A recent poll of industry leaders revealed that infrastructure, followed by product development, and human resources pose the greatest challenges to aviation growth in the Gulf region.
The results were generated by a survey of more than 100 industry delegates at the Global Aerospace Summit in Abu Dhabi last week.
The poll revealed that 69.8% of industry professionals believe that aviation infrastructure in their regions is not capable of handling increased capacity required to meet projected future demand.
This could lead to a wealth of missed opportunities given that the Middle East aerospace industry is set to grow at 36.4% over the next decade, faster than China or the Asia Pacific region.
A further 35.2% believe their industry’s growth is not supported and promoted by national governments, which overlook the economic benefits it brings.
James Hogan, Etihad Airways’ president and chief executive, said; “Our industries bring direct economic benefit through jobs and exports. And they are also often ‘multiplier’ businesses which stimulate far wider economic benefits through trade, tourism and associated growth.”
New markets and workforce development were also highlighted as the two key challenges facing aviation in the UAE.
According to the survey, 44.9% of industry professionals believe developing new products and new markets is their key challenge, while 22.4% believe workforce and human resource development is the primary issue.

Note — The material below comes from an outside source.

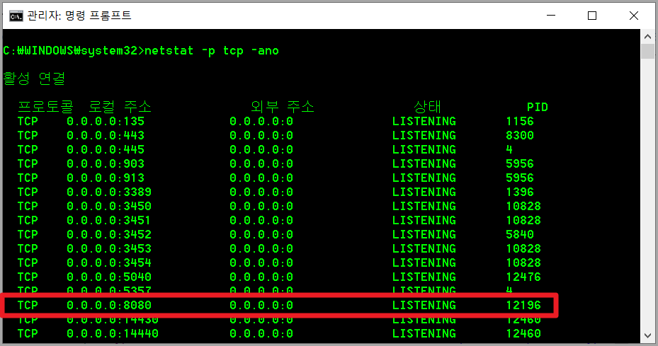 나의 경우 12196번이 8080 포트를 쓰고 있다!

Human capital development was a core theme of the Summit, and the survey showed clear concerns in this area. The two major issues are talent retention, and recruitment of new graduates with the correct skill set. A lesser concern was expressed over the ability to source appropriate training and development for existing staff.
Homaid Al Shemmari, chief executive officer of Mubadala Aerospace and Engineering Services, said; “Human capital development is one of the key challenges facing our industry today. That is true in developed markets, where other education and career choices are winning out against our industries, and in emerging markets, where education, training and on-job experience are all issues.”